What you are asked to do: Data follows below. Repeat exactly the lines between the line holding "Rödhårig småbarn som kramar Dachshund vykort" and the line holding "Verificador de e-mail", inclusive, and nothing more; drop pictures.

Material for the task:
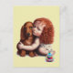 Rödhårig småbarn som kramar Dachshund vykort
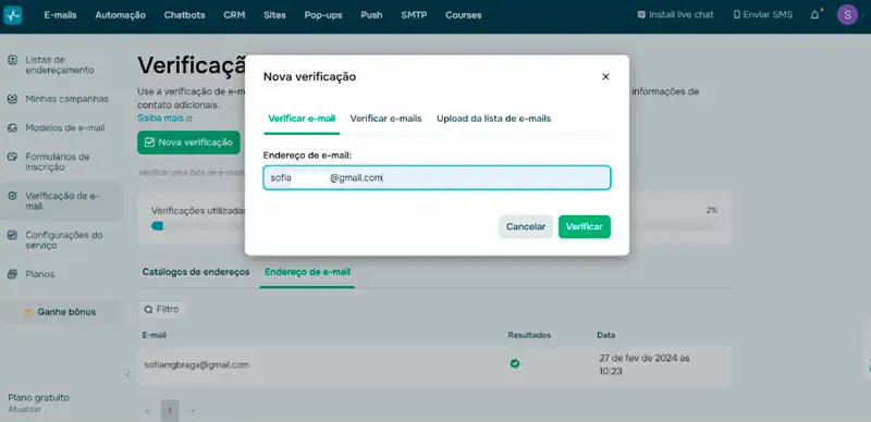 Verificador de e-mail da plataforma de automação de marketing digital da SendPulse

* * *

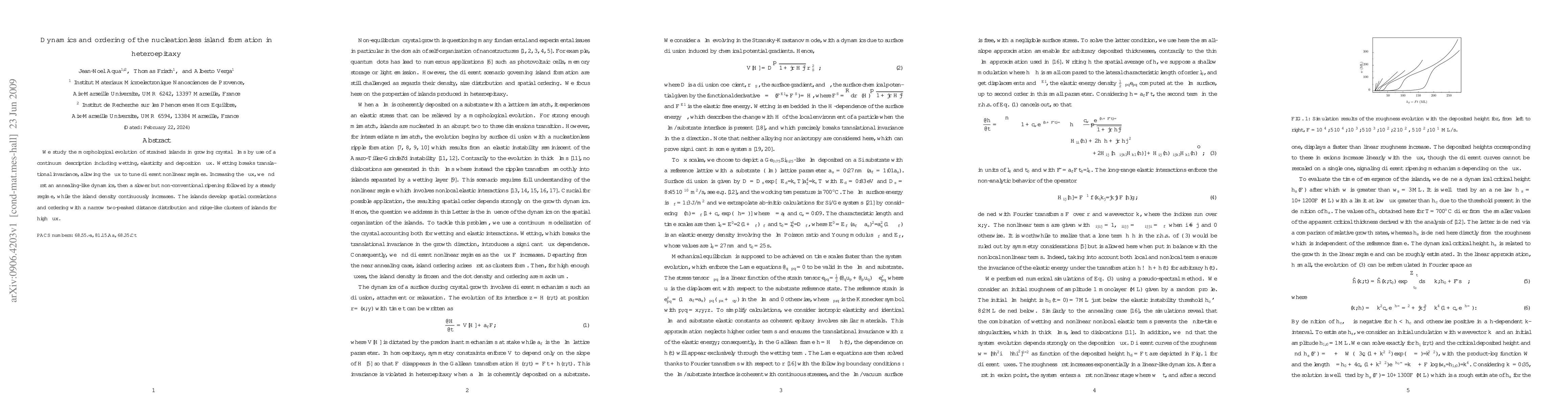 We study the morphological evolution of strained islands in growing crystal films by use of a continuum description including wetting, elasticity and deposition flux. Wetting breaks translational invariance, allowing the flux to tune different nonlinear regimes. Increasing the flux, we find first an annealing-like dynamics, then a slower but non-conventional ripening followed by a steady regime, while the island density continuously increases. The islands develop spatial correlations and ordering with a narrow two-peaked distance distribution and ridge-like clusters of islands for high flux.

---

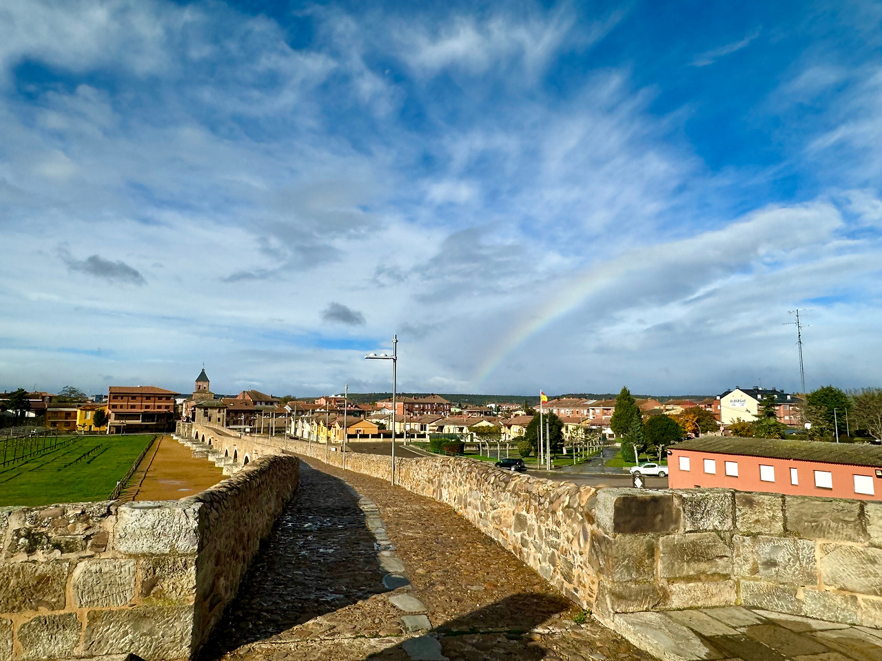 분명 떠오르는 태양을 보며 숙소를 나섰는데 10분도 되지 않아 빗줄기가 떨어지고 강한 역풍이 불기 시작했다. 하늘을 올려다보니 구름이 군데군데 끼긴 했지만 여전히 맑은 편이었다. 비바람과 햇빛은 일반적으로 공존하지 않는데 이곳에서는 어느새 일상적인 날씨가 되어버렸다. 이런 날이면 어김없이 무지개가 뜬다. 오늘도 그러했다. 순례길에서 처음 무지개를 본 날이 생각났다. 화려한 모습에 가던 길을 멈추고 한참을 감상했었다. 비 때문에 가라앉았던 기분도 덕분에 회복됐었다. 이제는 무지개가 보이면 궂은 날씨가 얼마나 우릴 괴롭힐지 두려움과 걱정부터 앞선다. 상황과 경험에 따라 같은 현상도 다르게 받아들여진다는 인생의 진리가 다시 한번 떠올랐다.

Solved problem:
 Rödhårig småbarn som kramar Dachshund vykort
 Verificador de e-mail da plataforma de automação de marketing digital da SendPulse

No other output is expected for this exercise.